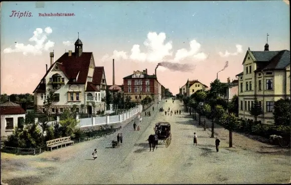 Ak Triptis in Thüringen, Bahnhofstrasse, Pferdekutsche, Häuser
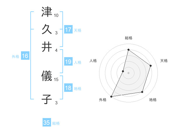 津久井 儀子さんの天格は17画の4点!
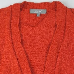 Marled Reunited Clothing 100% Cotton Knit Orange Textured 3/4 Sleeve Cardigan Sw

Work required:
Reproduce, word for word, every line from the one that contains "津久井 儀子さんの天格は17画の4点!" to the end of the data, including both ends; omit all pictures.

Output of the task:
 津久井 儀子さんの天格は17画の4点!
 Marled Reunited Clothing 100% Cotton Knit Orange Textured 3/4 Sleeve Cardigan Sw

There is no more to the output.